09/12/2015 derechos humanos

A cinco das de asumir, Alfonsn iniciaba el proceso de enjuiciamiento a las juntas militares

El 10 de diciembre de 1983, tras 7 años de dictadura militar, Raúl Alfonsín asume la Presidencia de La Nación y a los cinco días dictó el decreto 158/83 por el cual ordenaba enjuiciar a los "...integrantes de la junta militar que usurpó el gobierno de la Nación el 24 de marzo de 1976 y a los integrantes de las dos juntas militares subsiguientes".

Además sancionó el decretos 157/83 que ordenaba enjuiciar a los dirigentes de las organizaciones guerrilleras ERP y Montoneros.

El mismo día, 15 de diciembre de 1983, creó la Comisión Nacional de Desaparición de Personas (CONADEP), que comenzó a integrarse por figuras ampliamente reconocidas por su trayectoria en el ámbito científico, jurídico, educativo, social, cultural y otras áreas del conocimiento.

Su objetivo fue investigar, documentar, recibir denuncias, reunir información, registrar y reconstruir casos sobre las violaciones a los derechos humanos ocurridas durante la última dictadura militar.

Un año después, el 20 de diciembre de 1984, la CONADEP -encabezada por el escritor Ernesto Sabato- entregó al presidente Alfonsín el informe "Nunca Más" que constituyó la pieza probatoria fundamental de la acusación que habría de recaer sobre los miembros de las Juntas Militares.

A principios de 1984 se sancionó la Ley de reforma del Código de Justicia Militar que reconocía la autoridad del fuero castrense en el juzgamiento de los delitos cometidos por el personal militar entre 1976 y 1983.

La ley tenía como objetivo que las Fuerzas Armadas condenaran a sus miembros, incorporándose de esta forma al proceso democrático, pero al mismo tiempo permitía la apelación de la justicia civil a través la Cámara Federal, ya que hasta ese momento los delitos militares eran juzgados únicamente por el fuero militar.

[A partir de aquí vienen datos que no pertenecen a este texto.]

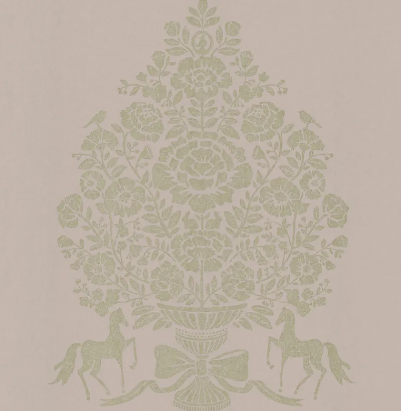 A chic and sophisticated decor statement, this glittering damask is truly breathtaking. A pewter base accented in silver makes for a dazzling match.
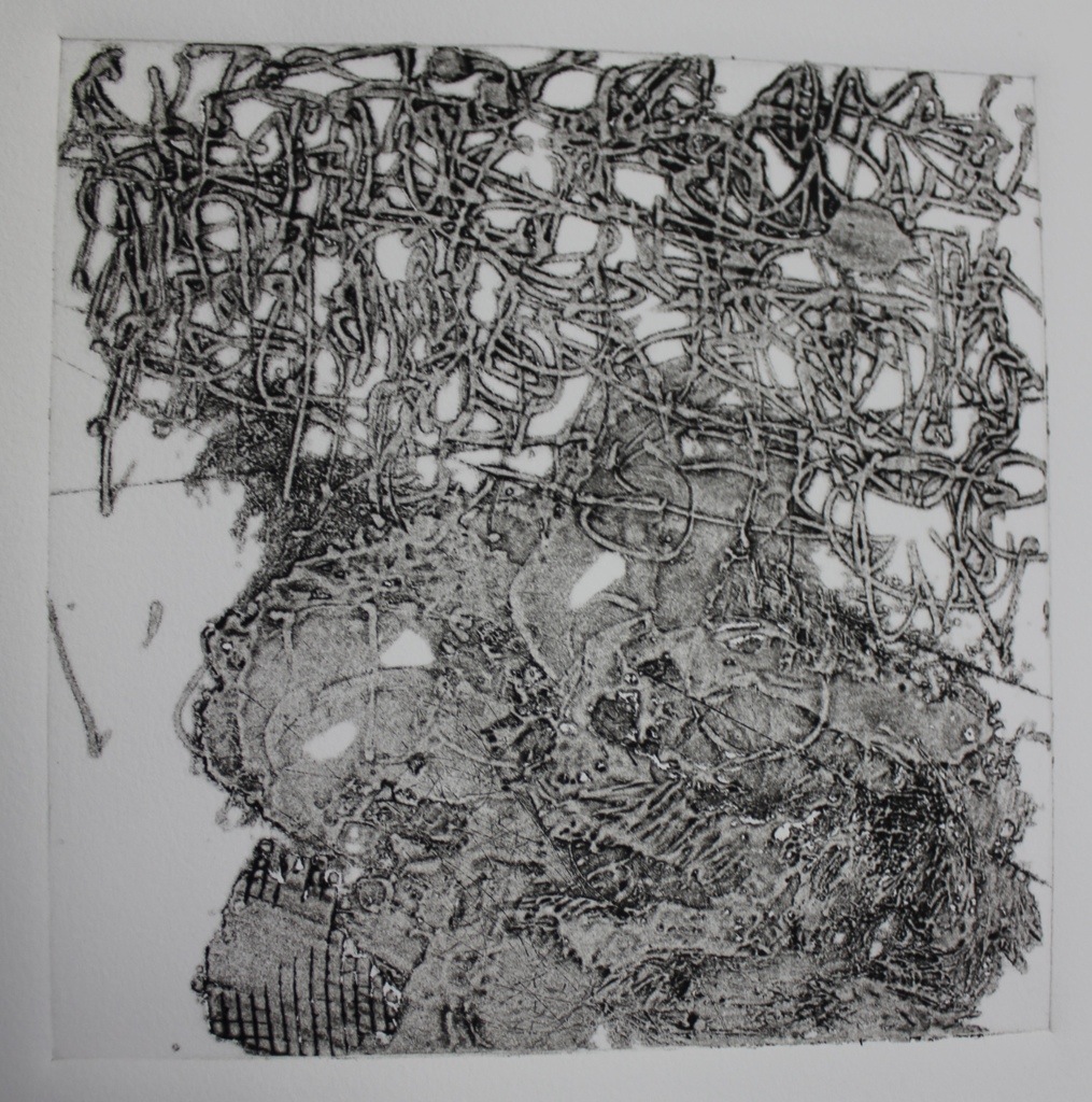 I’m really enjoying the contemplative process of making these works. This one combines burnt paper with a print taken in ink from that paper, and some coloured pencil. However, soon I’ll be seeing holes in my sleep!

Pero los militares no lo aceptaron y el 25 de septiembre de 1984, el Consejo Supremo de las Fuerzas Armadas, expresó en un documento que las órdenes de represión que habían dado las cúpulas militares eran "inobjetablemente legítimas".

Fracasado el intento del gobierno de Alfonsín de que las Fuerzas Armadas se "juzgaran" así mismas, la Cámara Federal se hizo cargo del juicio a las Juntas en octubre de 1984.

El juicio a las Juntas comenzó el 22 de abril de 1985 y se extendió hasta el 9 de diciembre de ese año.